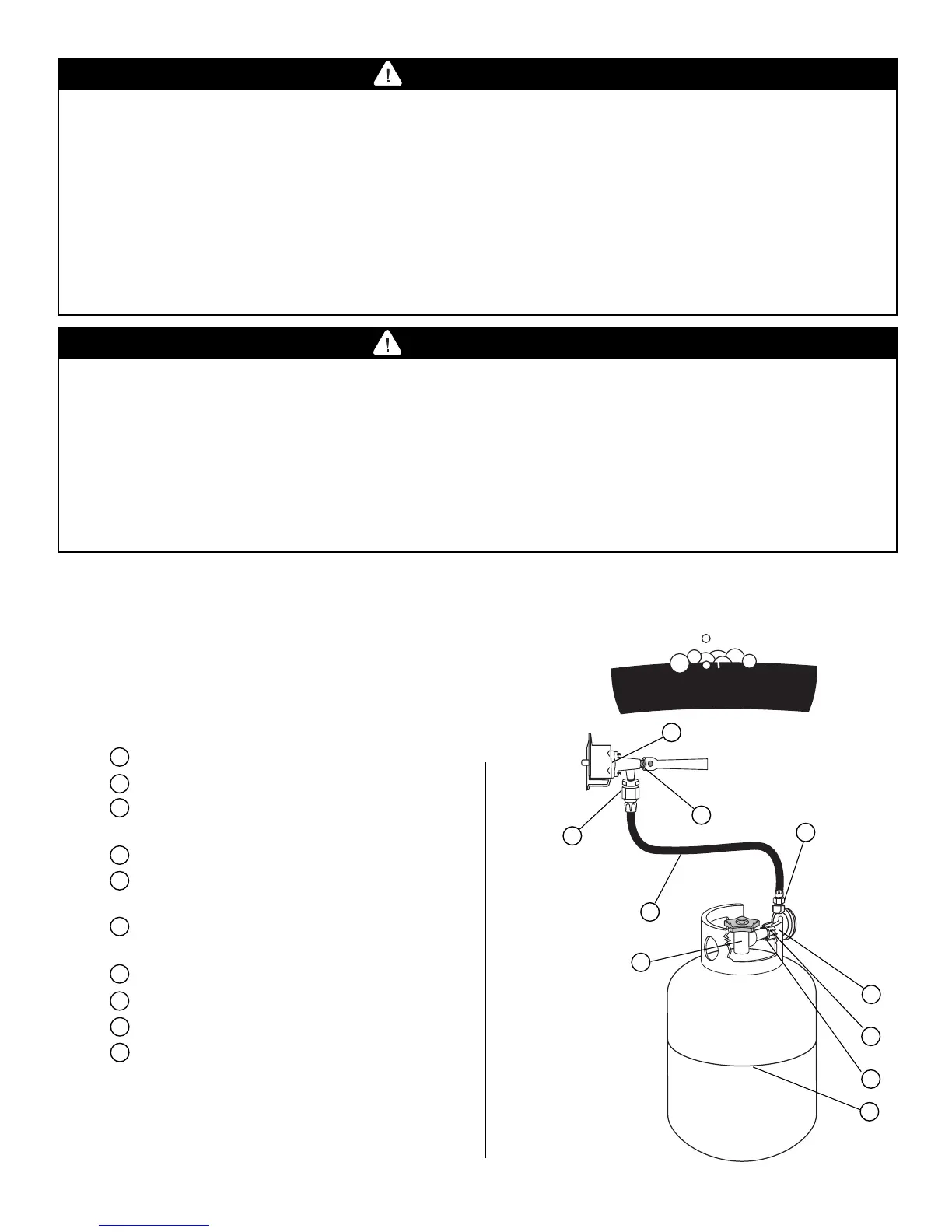 • Every time the LP gas cylinder is refilled or if any of the gas components are replaced.
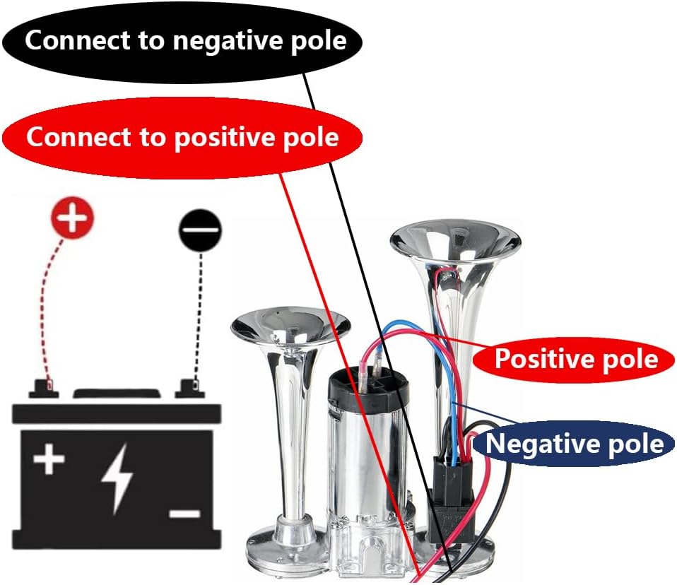 Easy to Install: Our horn kit is very easy to install, you just need to connect the horn wire on the car and the two wires of the air horn, and it will work properly, from positive pole to positive pole, from negative pole to negative pole. It also comes with a universal bracket, making installation easier.
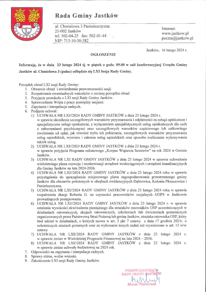OGŁOSZENIE LXI SESJA RADY GMINY JASTKÓW
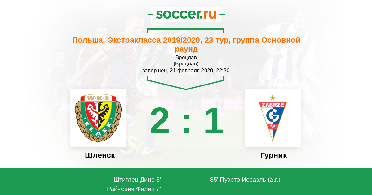 Польша. Экстракласса 25.02.2018 Шленск Логотип футбольный клуб Шленск (Вроцлав) 1:1 Логотип футбольный клуб Гурник (Забже) Гурник
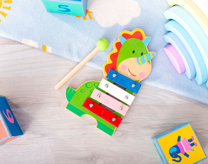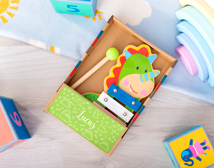 • Xilófono infantil personalizado con forma de dragón. • Tarjeta Recordatoria.
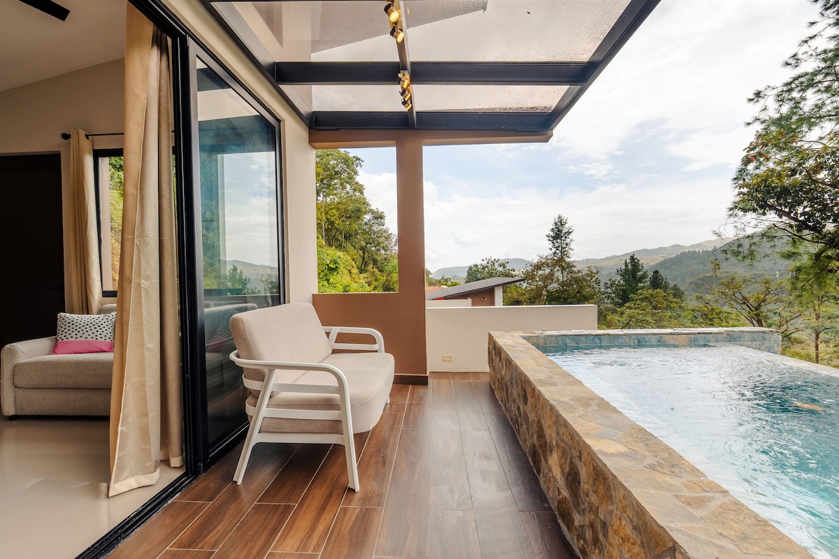 Welcome to the Coffee Cabins. This is one of four stunning A-frame cabins perched on the side of a mountain in the middle of a coffee field. You’re literally surrounded by coffee, both on the trees and in your kitchen with the complimentary coffee grown right here on the farm. Enjoy larger than life views to both the north towards the continental divide and to the west framing Volcan Baru, Panama’s highest peak.
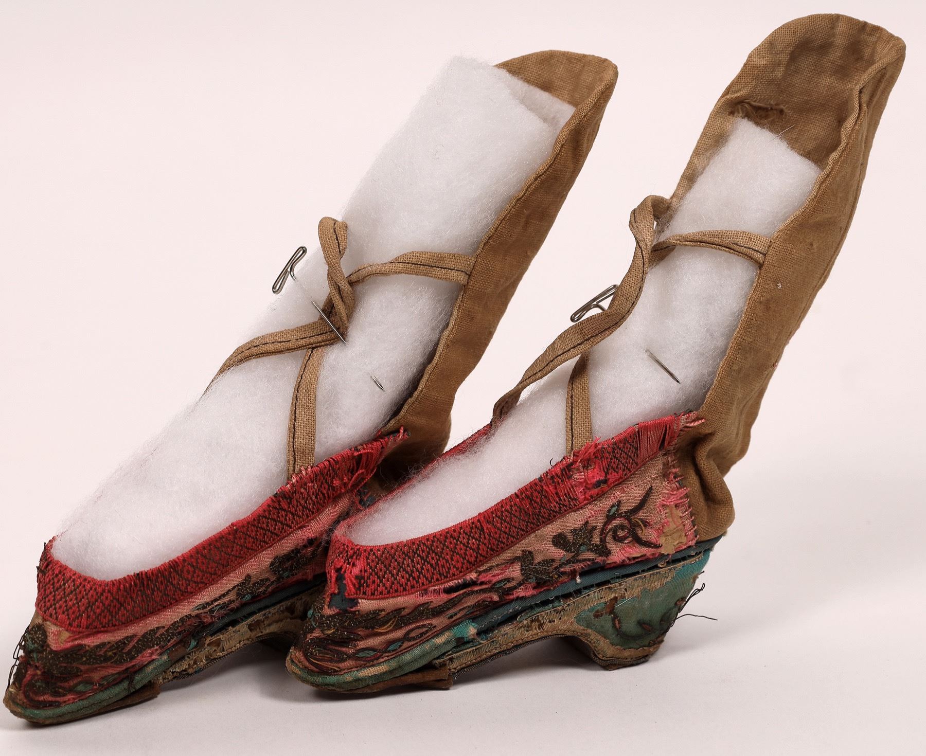 Six inch tall high backed shoes with wooden soles and sewn pattern and red cloth trim. Shoe is only 3 1/2 inches long, so were used on young Chinese with bound feet. City: State: Date:
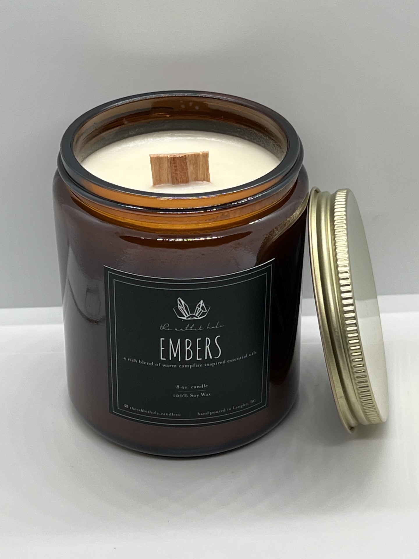 All of our candles are made with 100% soy wax. “Embers” is a mix of campfire inspired oils. It is earthly, woodsy and warm. It is created with black pepper, cedarwood, sandalwood, patchouli, vanilla, orange and peppermint pure essential oils. "Embers" also has a crackling wood wick.
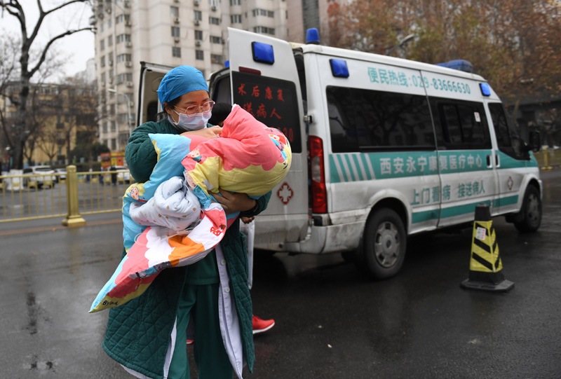 在西安交通大學第二附屬醫(yī)院,兒科醫(yī)生王莉接診一名被救護車轉運就醫(yī)的嬰兒(1月8日攝)。新華社記者 李一博 攝
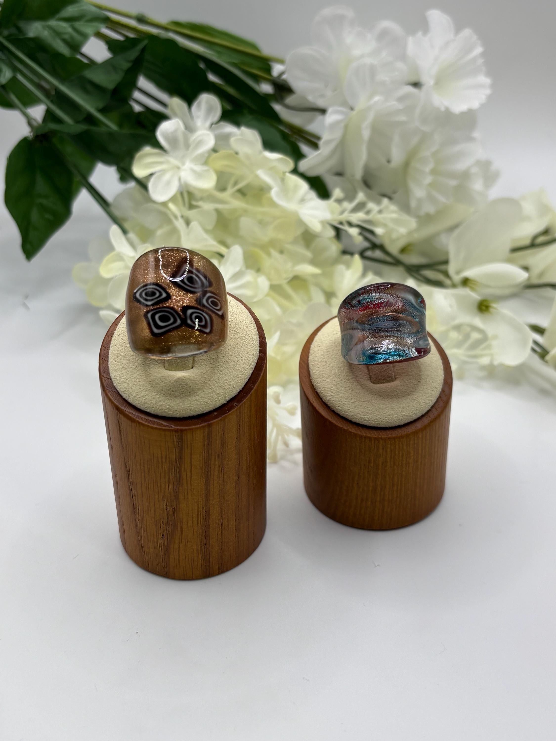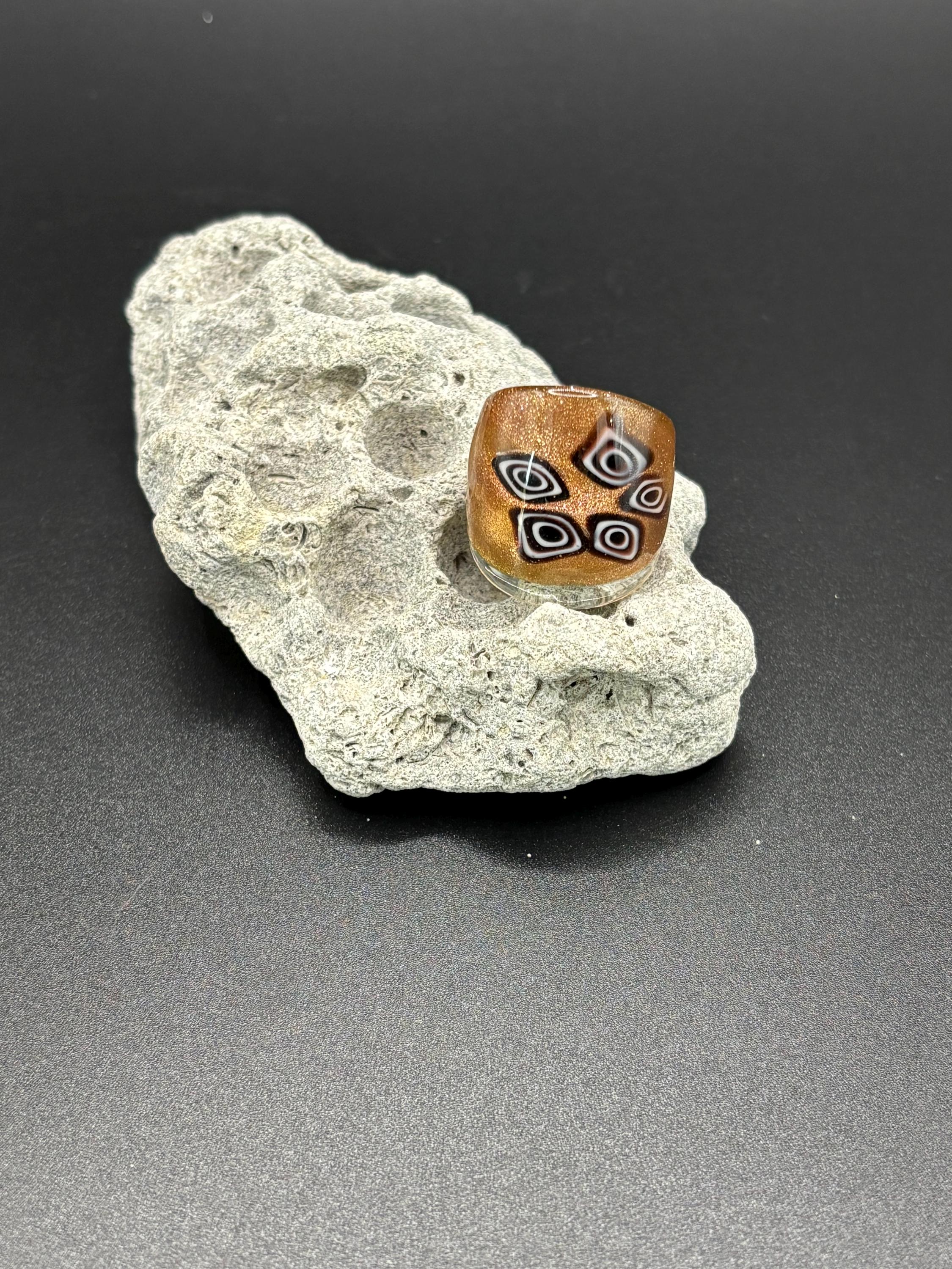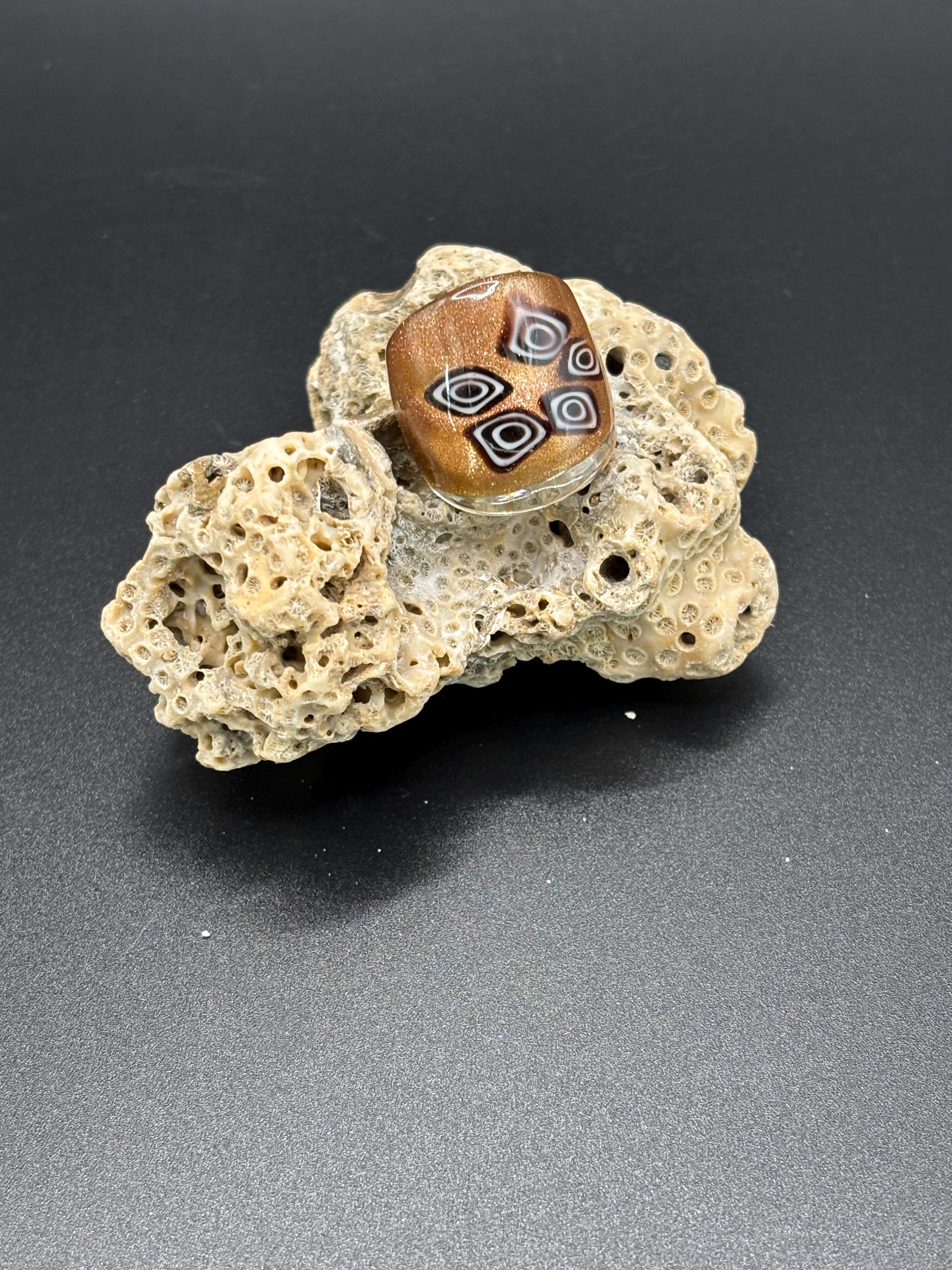 This is a Millefiori glass ring and has geometric designs in rich brown and white on a gold/copper colored base.
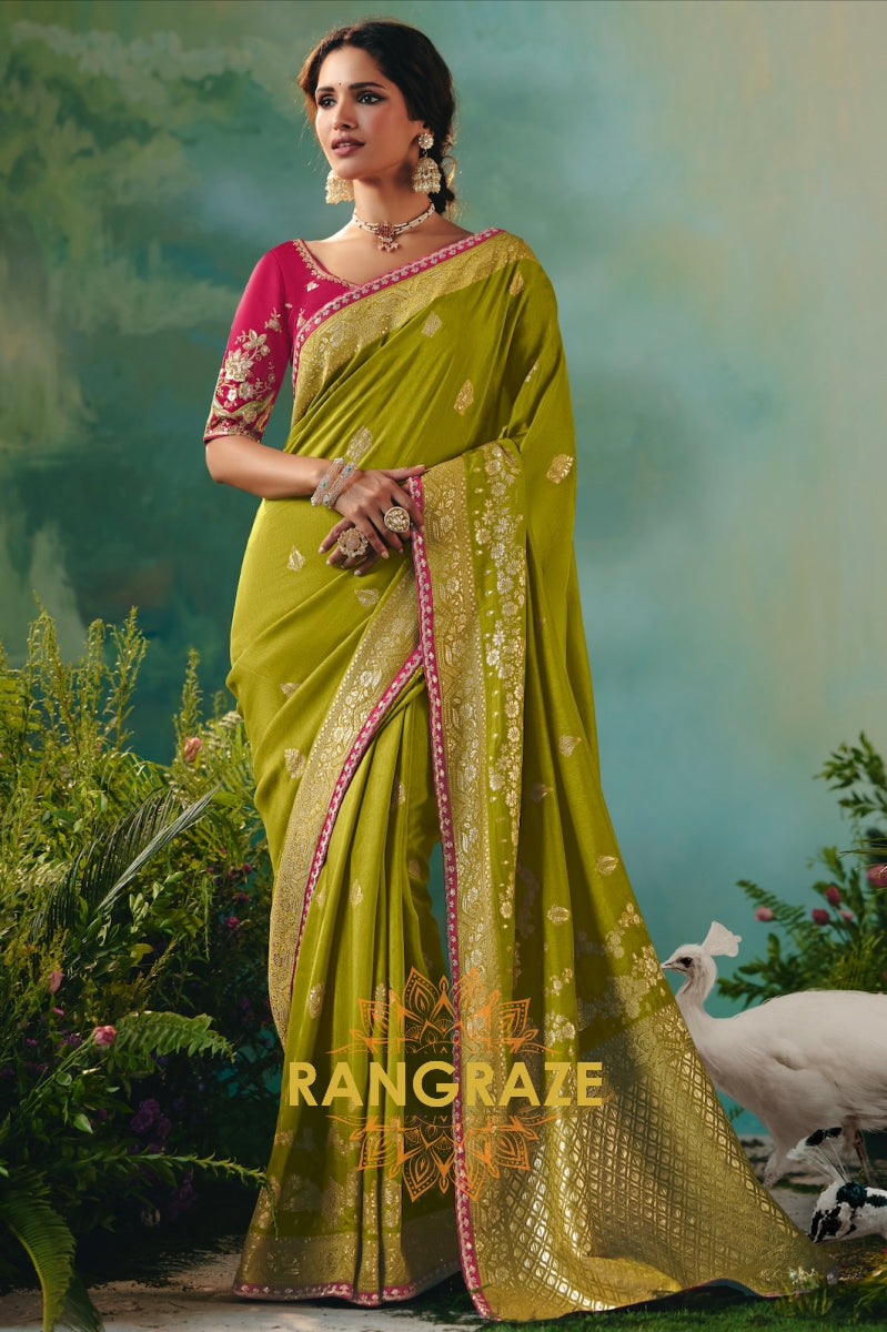 Olive Green Silk Saree with Zari Weaving and Magenta Embroidered Blouse

------

● **Your instructions**
Leave the pictures out, and retype exactly the lines from the one containing "This is a Millefiori" through the last line of the entries above, both included.

● **Solution to the exercise**
 This is a Millefiori glass ring and has geometric designs in rich brown and white on a gold/copper colored base.
 Olive Green Silk Saree with Zari Weaving and Magenta Embroidered Blouse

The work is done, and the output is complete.